▸ **Exercise prompt**:
Every line of the listing below is to be duplicated exactly, with the pictures left out.

▸ **Supplied records**:
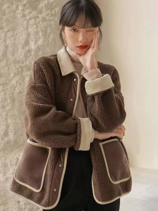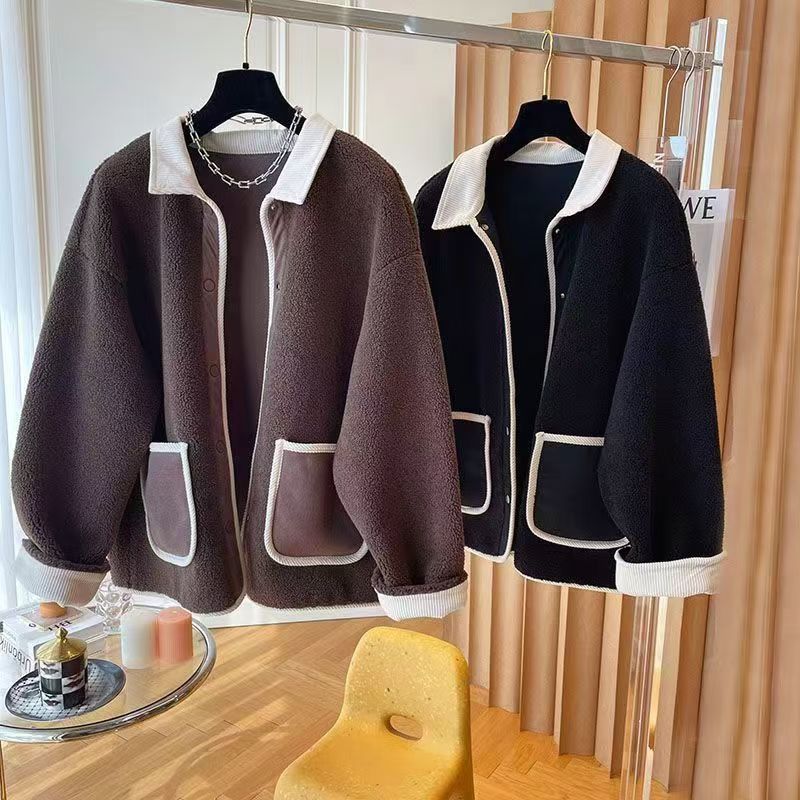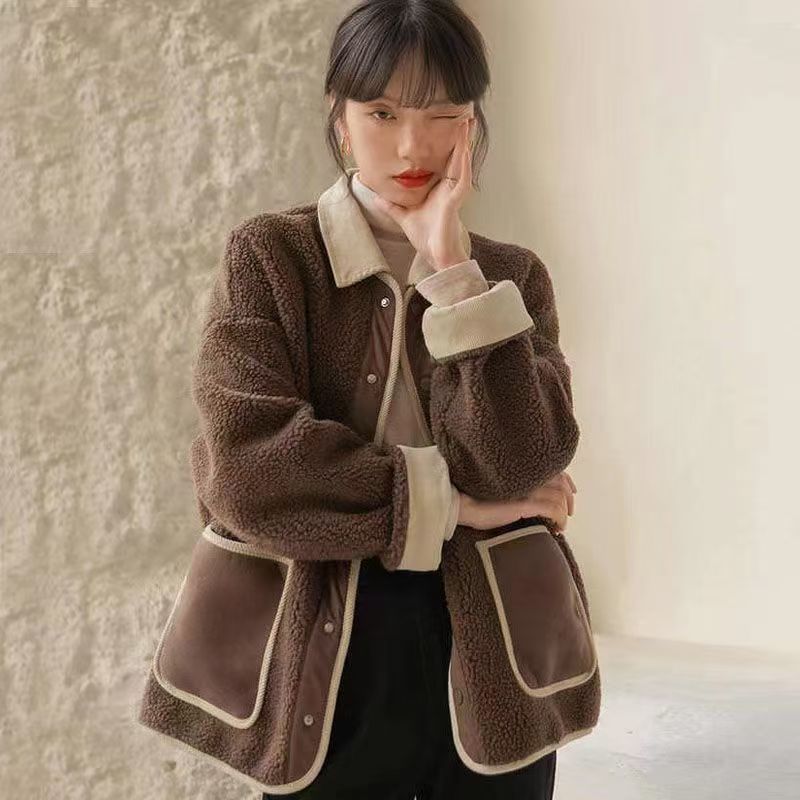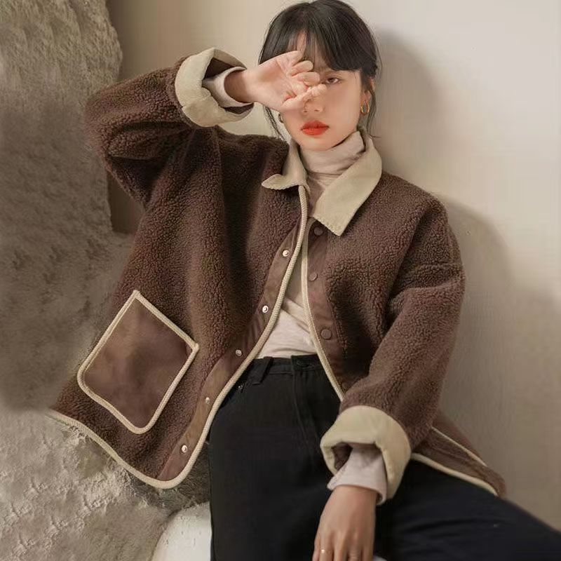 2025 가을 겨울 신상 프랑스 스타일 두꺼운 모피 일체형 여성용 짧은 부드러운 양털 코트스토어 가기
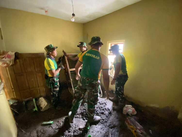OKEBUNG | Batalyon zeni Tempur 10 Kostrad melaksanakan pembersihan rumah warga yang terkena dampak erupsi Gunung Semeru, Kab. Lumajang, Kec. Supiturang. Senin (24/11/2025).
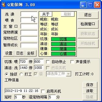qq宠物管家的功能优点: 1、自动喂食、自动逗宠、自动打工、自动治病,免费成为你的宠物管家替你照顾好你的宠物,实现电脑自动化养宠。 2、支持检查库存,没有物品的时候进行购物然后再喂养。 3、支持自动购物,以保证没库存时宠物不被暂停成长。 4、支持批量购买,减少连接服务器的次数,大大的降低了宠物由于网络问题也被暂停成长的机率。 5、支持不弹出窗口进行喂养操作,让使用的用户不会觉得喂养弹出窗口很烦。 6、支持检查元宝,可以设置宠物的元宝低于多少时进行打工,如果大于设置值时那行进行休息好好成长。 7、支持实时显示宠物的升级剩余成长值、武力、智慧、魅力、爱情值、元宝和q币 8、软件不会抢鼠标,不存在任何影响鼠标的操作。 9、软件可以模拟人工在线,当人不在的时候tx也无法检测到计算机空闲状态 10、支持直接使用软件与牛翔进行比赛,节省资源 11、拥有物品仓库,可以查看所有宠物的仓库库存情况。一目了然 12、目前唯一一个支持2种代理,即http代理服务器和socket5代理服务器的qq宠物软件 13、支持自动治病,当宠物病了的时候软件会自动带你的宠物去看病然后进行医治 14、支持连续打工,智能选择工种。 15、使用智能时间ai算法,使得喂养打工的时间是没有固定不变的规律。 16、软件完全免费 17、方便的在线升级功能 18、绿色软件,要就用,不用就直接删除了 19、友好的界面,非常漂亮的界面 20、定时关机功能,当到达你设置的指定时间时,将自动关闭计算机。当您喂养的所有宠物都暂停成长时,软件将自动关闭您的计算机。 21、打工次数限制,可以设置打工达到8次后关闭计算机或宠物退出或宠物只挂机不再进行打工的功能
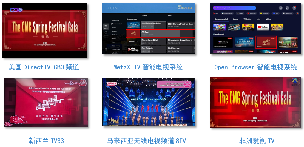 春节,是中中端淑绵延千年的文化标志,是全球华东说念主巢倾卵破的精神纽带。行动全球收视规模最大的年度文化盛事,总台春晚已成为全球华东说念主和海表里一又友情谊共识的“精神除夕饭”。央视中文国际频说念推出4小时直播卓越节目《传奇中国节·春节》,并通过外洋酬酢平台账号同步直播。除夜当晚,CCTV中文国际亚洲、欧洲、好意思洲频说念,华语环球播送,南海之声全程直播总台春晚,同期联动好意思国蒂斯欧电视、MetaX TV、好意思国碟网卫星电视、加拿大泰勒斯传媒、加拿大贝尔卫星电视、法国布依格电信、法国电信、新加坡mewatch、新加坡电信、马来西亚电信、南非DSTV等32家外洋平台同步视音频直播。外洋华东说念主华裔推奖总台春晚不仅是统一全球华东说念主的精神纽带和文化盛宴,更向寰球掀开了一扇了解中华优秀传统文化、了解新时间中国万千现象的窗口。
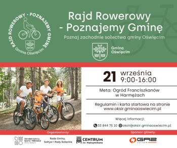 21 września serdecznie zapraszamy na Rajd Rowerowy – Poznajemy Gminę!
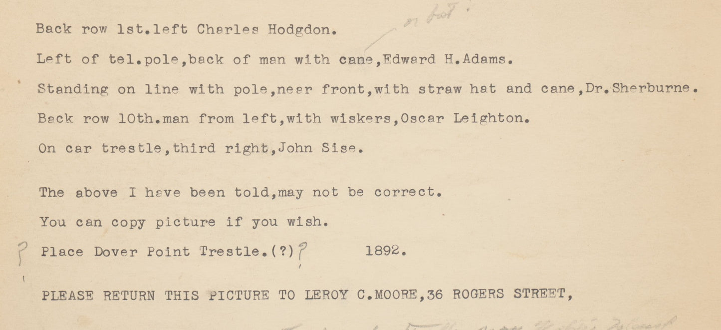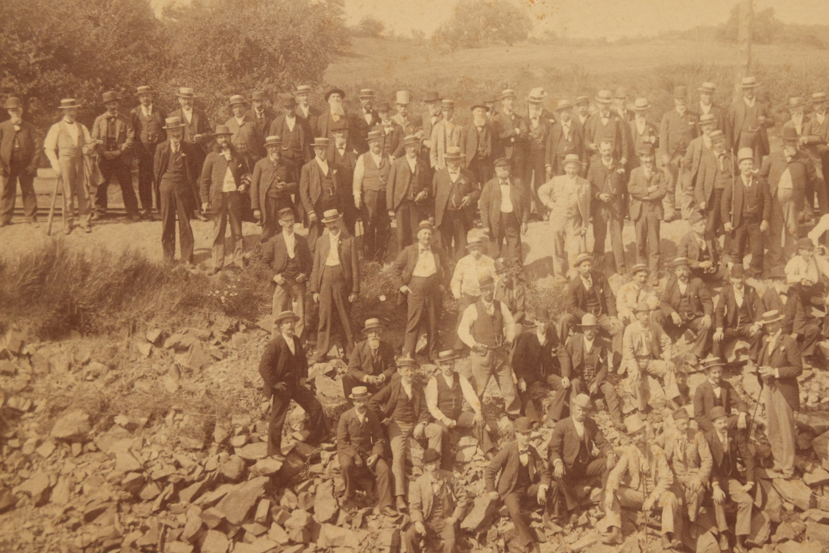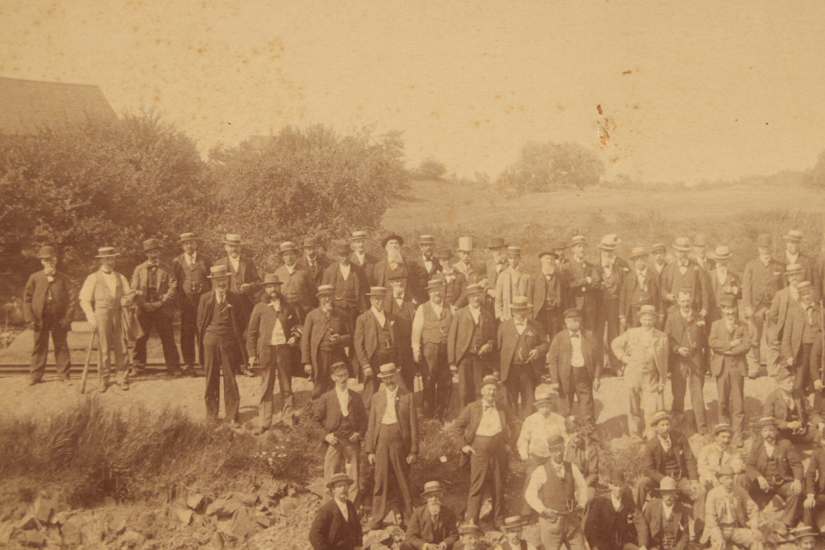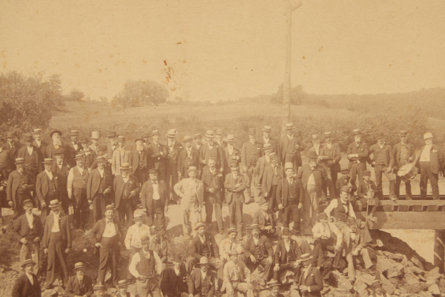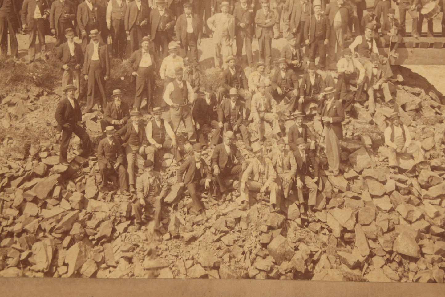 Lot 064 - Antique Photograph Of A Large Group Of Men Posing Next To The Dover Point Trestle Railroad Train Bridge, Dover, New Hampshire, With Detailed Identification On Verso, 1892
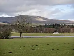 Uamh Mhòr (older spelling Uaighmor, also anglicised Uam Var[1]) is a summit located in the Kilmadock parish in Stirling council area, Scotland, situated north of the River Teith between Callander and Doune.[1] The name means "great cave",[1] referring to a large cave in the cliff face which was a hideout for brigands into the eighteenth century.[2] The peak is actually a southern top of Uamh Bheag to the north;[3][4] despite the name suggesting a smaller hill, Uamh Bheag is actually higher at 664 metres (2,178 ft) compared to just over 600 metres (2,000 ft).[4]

▸ **Result of this task**:
 2025 가을 겨울 신상 프랑스 스타일 두꺼운 모피 일체형 여성용 짧은 부드러운 양털 코트스토어 가기
OKEBUNG | Batalyon zeni Tempur 10 Kostrad melaksanakan pembersihan rumah warga yang terkena dampak erupsi Gunung Semeru, Kab. Lumajang, Kec. Supiturang. Senin (24/11/2025).
qq宠物管家的功能优点: 1、自动喂食、自动逗宠、自动打工、自动治病,免费成为你的宠物管家替你照顾好你的宠物,实现电脑自动化养宠。 2、支持检查库存,没有物品的时候进行购物然后再喂养。 3、支持自动购物,以保证没库存时宠物不被暂停成长。 4、支持批量购买,减少连接服务器的次数,大大的降低了宠物由于网络问题也被暂停成长的机率。 5、支持不弹出窗口进行喂养操作,让使用的用户不会觉得喂养弹出窗口很烦。 6、支持检查元宝,可以设置宠物的元宝低于多少时进行打工,如果大于设置值时那行进行休息好好成长。 7、支持实时显示宠物的升级剩余成长值、武力、智慧、魅力、爱情值、元宝和q币 8、软件不会抢鼠标,不存在任何影响鼠标的操作。 9、软件可以模拟人工在线,当人不在的时候tx也无法检测到计算机空闲状态 10、支持直接使用软件与牛翔进行比赛,节省资源 11、拥有物品仓库,可以查看所有宠物的仓库库存情况。一目了然 12、目前唯一一个支持2种代理,即http代理服务器和socket5代理服务器的qq宠物软件 13、支持自动治病,当宠物病了的时候软件会自动带你的宠物去看病然后进行医治 14、支持连续打工,智能选择工种。 15、使用智能时间ai算法,使得喂养打工的时间是没有固定不变的规律。 16、软件完全免费 17、方便的在线升级功能 18、绿色软件,要就用,不用就直接删除了 19、友好的界面,非常漂亮的界面 20、定时关机功能,当到达你设置的指定时间时,将自动关闭计算机。当您喂养的所有宠物都暂停成长时,软件将自动关闭您的计算机。 21、打工次数限制,可以设置打工达到8次后关闭计算机或宠物退出或宠物只挂机不再进行打工的功能
 春节,是中中端淑绵延千年的文化标志,是全球华东说念主巢倾卵破的精神纽带。行动全球收视规模最大的年度文化盛事,总台春晚已成为全球华东说念主和海表里一又友情谊共识的“精神除夕饭”。央视中文国际频说念推出4小时直播卓越节目《传奇中国节·春节》,并通过外洋酬酢平台账号同步直播。除夜当晚,CCTV中文国际亚洲、欧洲、好意思洲频说念,华语环球播送,南海之声全程直播总台春晚,同期联动好意思国蒂斯欧电视、MetaX TV、好意思国碟网卫星电视、加拿大泰勒斯传媒、加拿大贝尔卫星电视、法国布依格电信、法国电信、新加坡mewatch、新加坡电信、马来西亚电信、南非DSTV等32家外洋平台同步视音频直播。外洋华东说念主华裔推奖总台春晚不仅是统一全球华东说念主的精神纽带和文化盛宴,更向寰球掀开了一扇了解中华优秀传统文化、了解新时间中国万千现象的窗口。
 21 września serdecznie zapraszamy na Rajd Rowerowy – Poznajemy Gminę!
 Lot 064 - Antique Photograph Of A Large Group Of Men Posing Next To The Dover Point Trestle Railroad Train Bridge, Dover, New Hampshire, With Detailed Identification On Verso, 1892
 Uamh Mhòr (older spelling Uaighmor, also anglicised Uam Var[1]) is a summit located in the Kilmadock parish in Stirling council area, Scotland, situated north of the River Teith between Callander and Doune.[1] The name means "great cave",[1] referring to a large cave in the cliff face which was a hideout for brigands into the eighteenth century.[2] The peak is actually a southern top of Uamh Bheag to the north;[3][4] despite the name suggesting a smaller hill, Uamh Bheag is actually higher at 664 metres (2,178 ft) compared to just over 600 metres (2,000 ft).[4]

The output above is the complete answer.